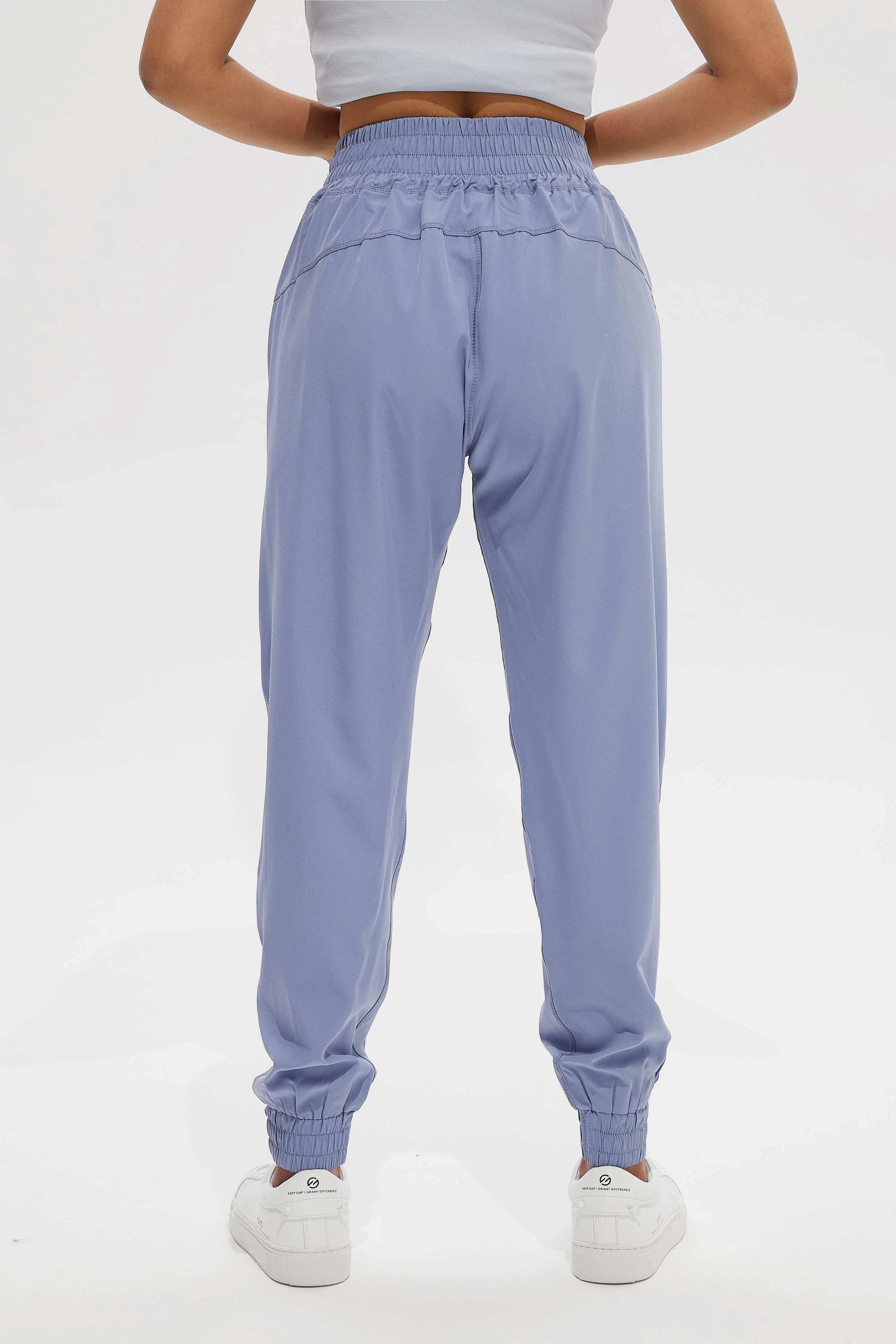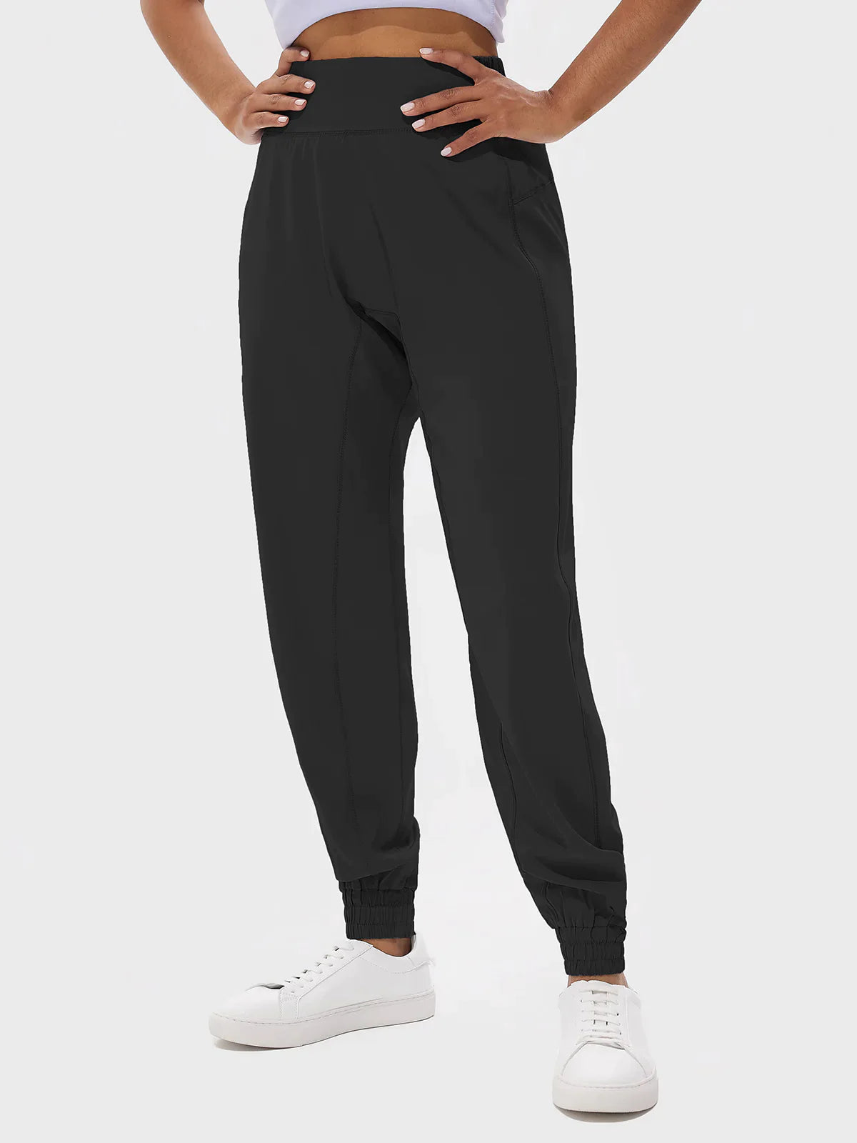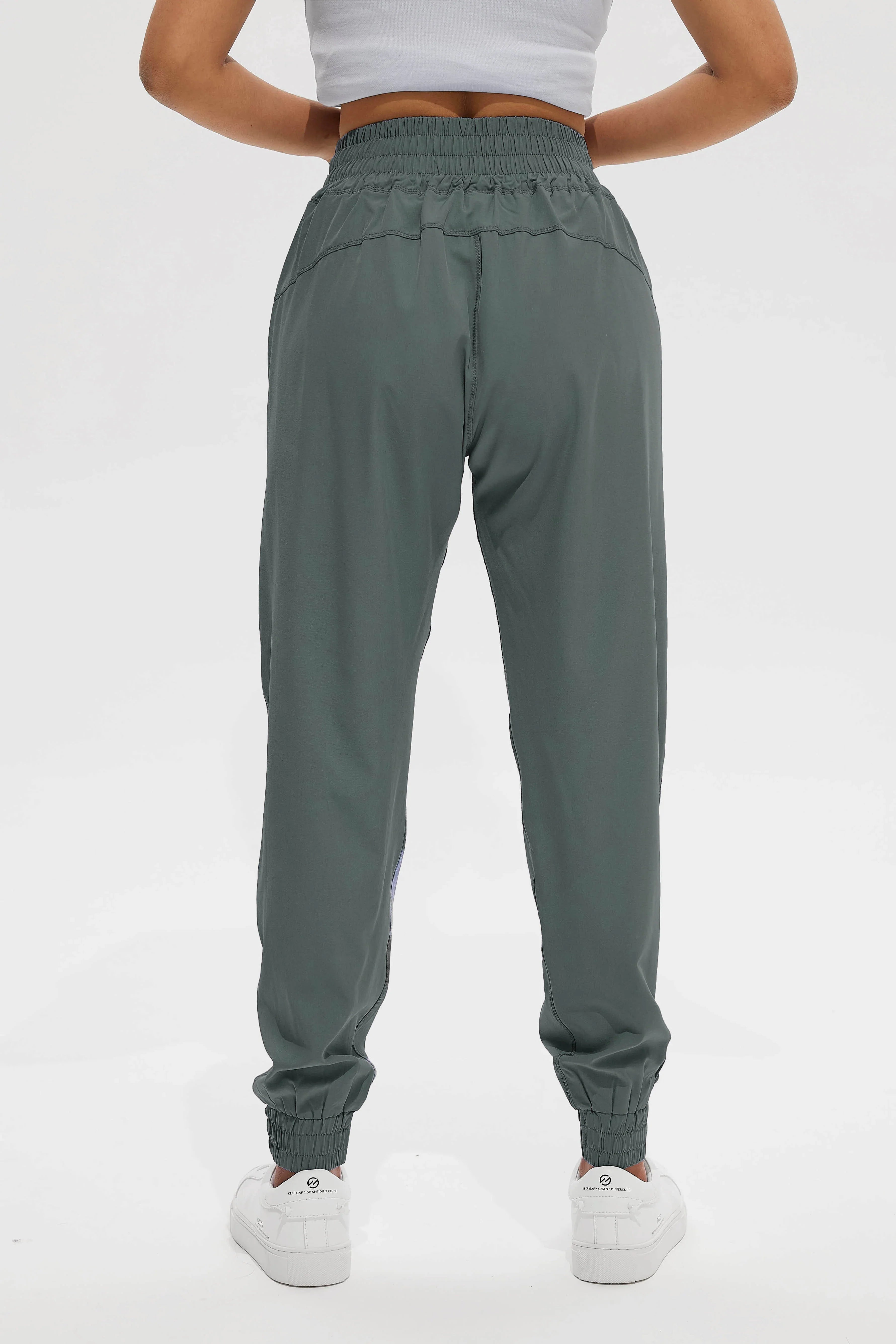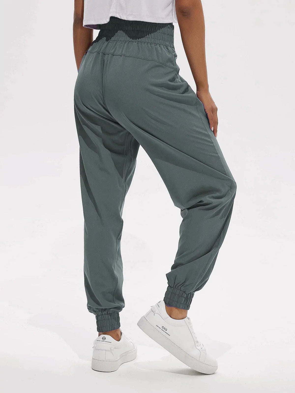 Questi sono jogger a vita alta a asciugatura rapida con una fascia elastica. Sono realizzati con un tessuto elastico e traspirante. Assicurati di sentirti comodo durante tutto l'allenamento e per tutta la giornata.
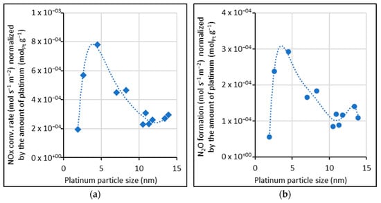 From data reported in Table A2, the turnover frequency (TOF) for the deNOX activity at 60 °C, which corresponds to the amount of converted NOX (mol s−1 g−1) normalized by the amount of surface platinum sites (mol g−1), was plotted in Figure A5 depending on the platinum particle size.
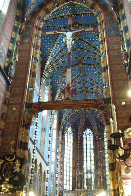 The central nave is 28 meters high, with a giant crucifix of 1520 high above. |
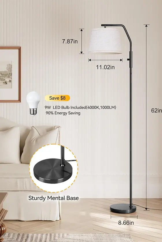 Create the perfect atmosphere for reading, relaxing, or working with this seamless 0–100% dimmable LED floor lamp. The 270° adjustable head directs light exactly where you need it—no glare, no shadows. A natural white 4000K bulb delivers warm clarity while saving energy, and base keeps things stable around kids and pets. Tool-free 5-minute assembly makes setup effortless. Mood lighting, made simple.
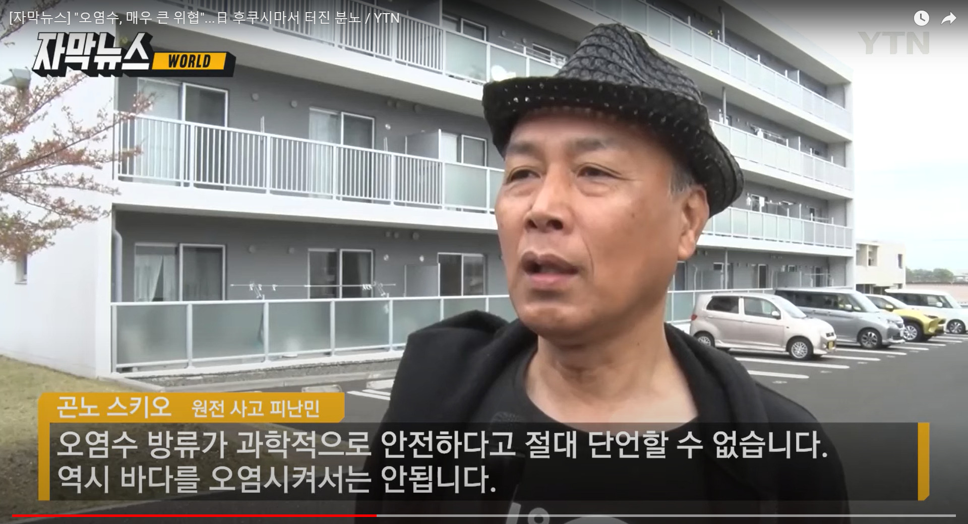 [곤노 스키오 / 원전 사고 피난민 : 오염수 방류가 과학적으로 안전하다고 절대 단언할 수 없습니다. 역시 바다를 오염시켜서는 안됩니다.]
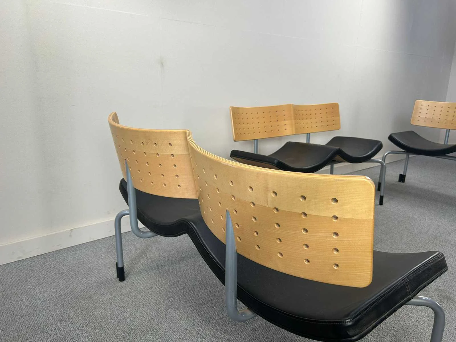 Een set van 3 DAN classics 2p-wachtbanken in zwat kunstleer met houten rugleuningen. Met gebruikssporen, staat kan variëren per item. Nee Merk: DAN classics Kleur: Zwart Gewicht: 90kg Materiaal: Stof
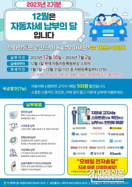 (경인미래신문=민경호 기자) 평택시가 2023년 12월 정기분 자동차세 15만 6000건에 대해 194억 원을 부과·고지하고 납부 기한 내에 납부하도록 적극 홍보에 나섰다.
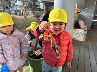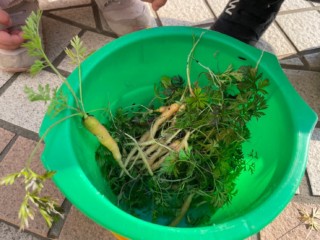 収穫したその日に給食に出してもらい、「取った人参だ!」「もっと食べたい」と美味しそうに食べていました。
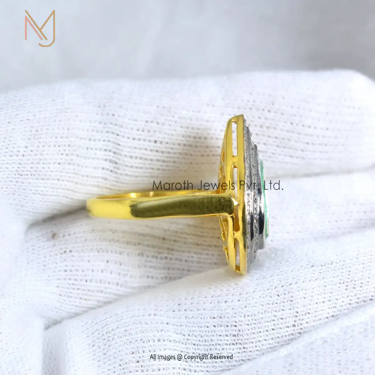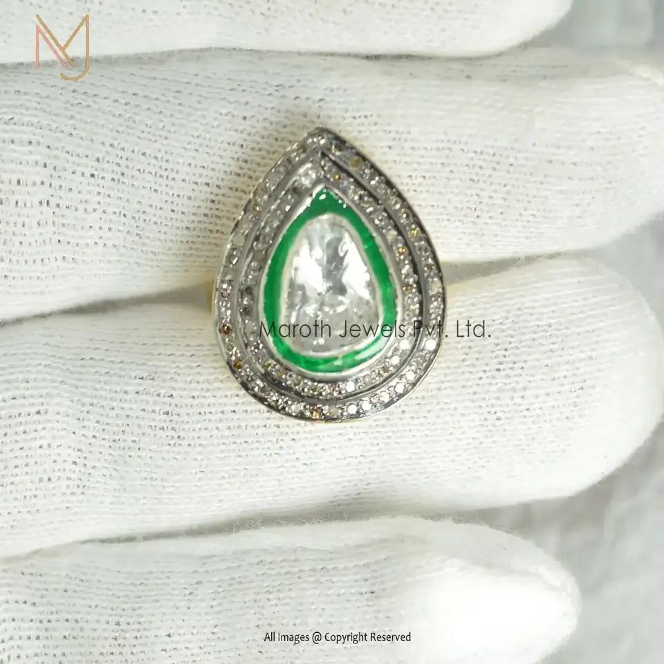 925 Silver Yellow Gold Rhodium Plated Pave Diamond & Rose Cut Diamond Enamel Ring Manufacturer
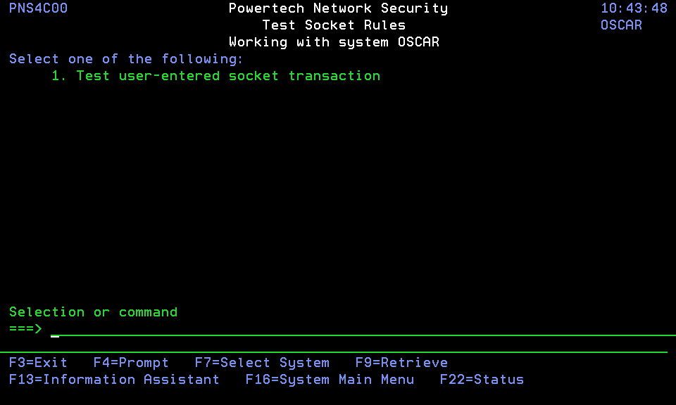 1. Test user-entered socket transaction. This option allows you to test user-entered socket transactions via the command PNSTSTQSO. See Test Socket Rules command (PNSTSTQSO).
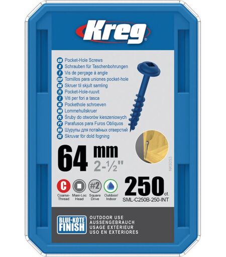 Vis à bois Kreg SML-C250B; Maxi-Loc; 2 50''; 64 mm; 250 pcs.; bleu Code EAN : 647096808426 Marque : Kreg Poids du produit (kg) : 1.04 ...
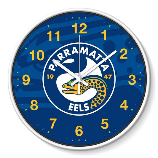 NRL Wall Clock - Parramatta Eels - Plastic - 30cm Diameter - Team Logo
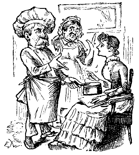 Next Day.—Have got leave of absence (without mentioning reason). I believe I pleaded the Drama, as usual, and I have jotted down a line or two. Am dressing for luncheon—somehow I take longer than usual. Ready at last; the coast is clear, I am a trifle early, but I can stroll gently down to the quay.... Turn a corner, and come upon Ponking, with Louise. Fancy both look rather confused, but they are delighted to see me. "Was I going any where in particular?" "No—nowhere in particular." "Then I'd better come along with them—they have dined early, and are doing the lions." Louise makes such a point of it that I can't refuse—must watch my chance, and slip off when I can.
○ ○ ○ ○ ○
REQUIREMENT:
Copy out exactly the material that runs from the line with "Vis à bois Kreg" to the line with "NRL Wall Clock", ends included, and leave the pictures behind.

TASK ANSWER:
 Vis à bois Kreg SML-C250B; Maxi-Loc; 2 50''; 64 mm; 250 pcs.; bleu Code EAN : 647096808426 Marque : Kreg Poids du produit (kg) : 1.04 ...
 NRL Wall Clock - Parramatta Eels - Plastic - 30cm Diameter - Team Logo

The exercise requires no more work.